Как не старалась, ничего стоящего в голову не приходило. Осознав, что сейчас я, возможно, потеряю последний шанс на благоприятное развитие событий, окончательно приуныла, повесив голову.
С момента моего попадания в этом мир с каждым днем ком моих проблем стремительно увеличивался. Куда ни глянь — везде было печально: обратного пути домой нет; в этом мире моя жизнь висит на волоске и может в каждую минуту оборваться; даже в бывшем доме Владиары — обители ей (а значит и мне) была рада только Вери, а настоятельница мечтала от меня избавиться; в довершении ко всему теперь я непонятное неповоротливое животное. И так мне стало себя жалко, что расплакалась. Крупными такими слезами, скатывающимися по морде на кончик носа, а оттуда большими каплями в траву. И хотя морда была опущена вниз, настоятельница это все же заметила.
— Она что, плачет? — по голосу было заметно, что брюнетка очень удивилась.

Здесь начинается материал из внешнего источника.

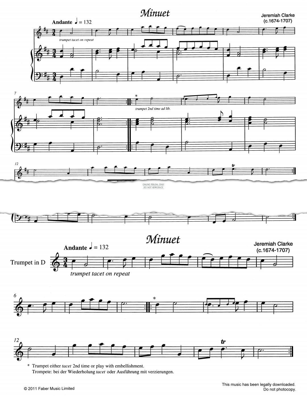 Minuet - Noten für Klavier, Trompete Jeremiah Clarke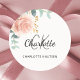 Adesivo Redondo Obrigado à flora dourada rosa

— Я думаю, она не может перекинуться назад. — вместо ответа, пояснила Вери (умничка моя). — Она ведь память потеряла.
Повисла пауза, а потом настоятельница накинулась на мою подругу:
— А чего же ты сразу не сказала?!
— Так вы меня сами выгнали…
— А ну-ка пойдёмте в здание, — скомандовала настоятельница.
Стоило нам зайти, как она сразу переключилась на меня:
— Владиара, представь себя в облике человека. В мельчайших подробностях. И сильно-сильно пожелай стать этим образом.

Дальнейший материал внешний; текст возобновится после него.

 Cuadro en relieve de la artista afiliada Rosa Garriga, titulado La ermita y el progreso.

Я перестала скулить, и взялась за дело. Пыхтела минут пять. И когда уже была готова снова расплакаться, по телу прошла знакомая горячая волна, и я оказалась в облике девушки. Почему-то стоящей на четвереньках.

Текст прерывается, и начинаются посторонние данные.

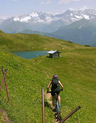 Die vielfältige Tour, welche man generell in den wärmeren Monaten machen sollte, bietet vor allem Freeride- aber auch Big Mountain, Croyy-Country und Marathon Elemente. Es gibt Einkehrmöglichkeiten, ein Brunnen zum Wasser Auffüllen und ein See.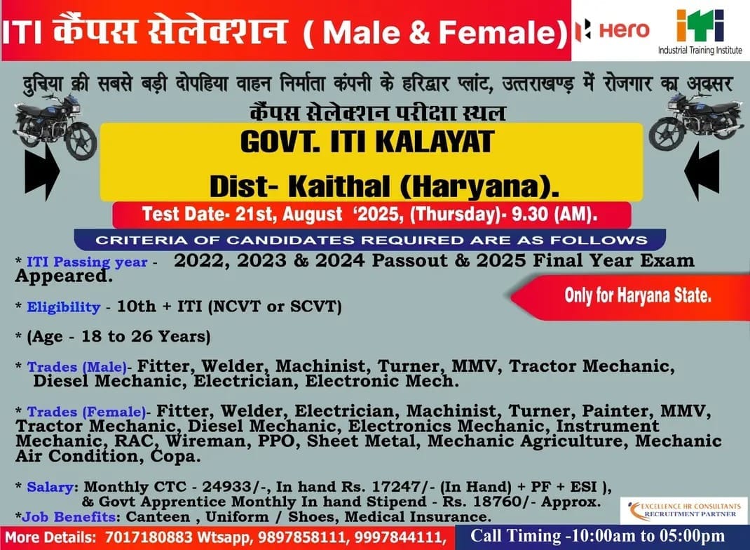 हरियाणा के पुरुष ओर महिलाओ के लिए रोजगार का सुनहरा अवसर आया है। राजकीय औद्योगिक प्रशिक्षण संस्थान कालायत में दिनांक 21 अगस्त 2025 को प्रातः 09:30 बजे से कैम्पस सेलेक्शन का आयोजन किया जा रहा है। इसमें 18 से 26 वर्ष आयु वर्ग के पुरुष ओर महिला अभ्यर्थी शामिल हो सकते हैं।

Увидев меня в интересной позе, сьера Шарнель хмыкнула, но комментировать не стала. Я быстро приняла вертикальное положение и кинулась благодарно обнимать сначала настоятельницу, а потом и подругу. Брюнетка от таких нежностей опешила настолько, что не оказала никакого сопротивления, отстояв все мои объятия без движения, как чурбан посреди двора. Вери же обнимала меня в ответ.
— Всё, хватит нежностей, пойдёмте поговорим, — скомандовала всё еще растерянная начальница.
— А куда же мы пойдем? — я виновато посмотрела на брюнетку, — Я ведь вам весь кабинет разнесла. Нечаянно.
— В мою комнату пойдем. Чаю попьем, заодно всё и расскажешь.
Мы прошли на второй этаж, в другую сторону от кабинета. И остановились перед такой же дверью, как вели во все комнаты этого этажа, только вот за нею оказалась неожиданно просторная гостиная, обставленная не только с комфортом, но и с шиком. Впрочем, я этому особо не удивилась, так как и сама настоятельница монастыря мало походила на наших земных монахинь.
За чаем я рассказала заготовленную историю, стараясь сильно «не светить» пегаса, сказав лишь что он мне очень помог и доставил до обители. А теперь ждет за воротами.
— О том, чтобы оставить этого кобеля здесь, не может быть и речи! — сразу отрезала суровая сьера, — Здесь девичий монастырь, а не дом терпимости!
— Да как же я его одного оставлю на ночь за воротами? — возмутилась я, — Он ведь меня в беде не бросил.
— А он не в беде. Справится. Пусть летит к своим.
— Я так не могу. Не по совести это. — уперлась я. — Пусть он хотя бы одну ночь в здешней конюшне переночует, а завтра я что-нибудь придумаю.
— Ну хорошо, — неожиданно уступила настоятельница. — Но завтра чтобы духа его тут не было. И чтобы ни одна живая душа не знала, что он провел ночь на нашей территории… Теперь об этих девицах, что ударили тебя магией до потери памяти. Ты сможешь их узнать по голосу?
— Думаю, да.
— Значит сегодня после ужина проведем опознание.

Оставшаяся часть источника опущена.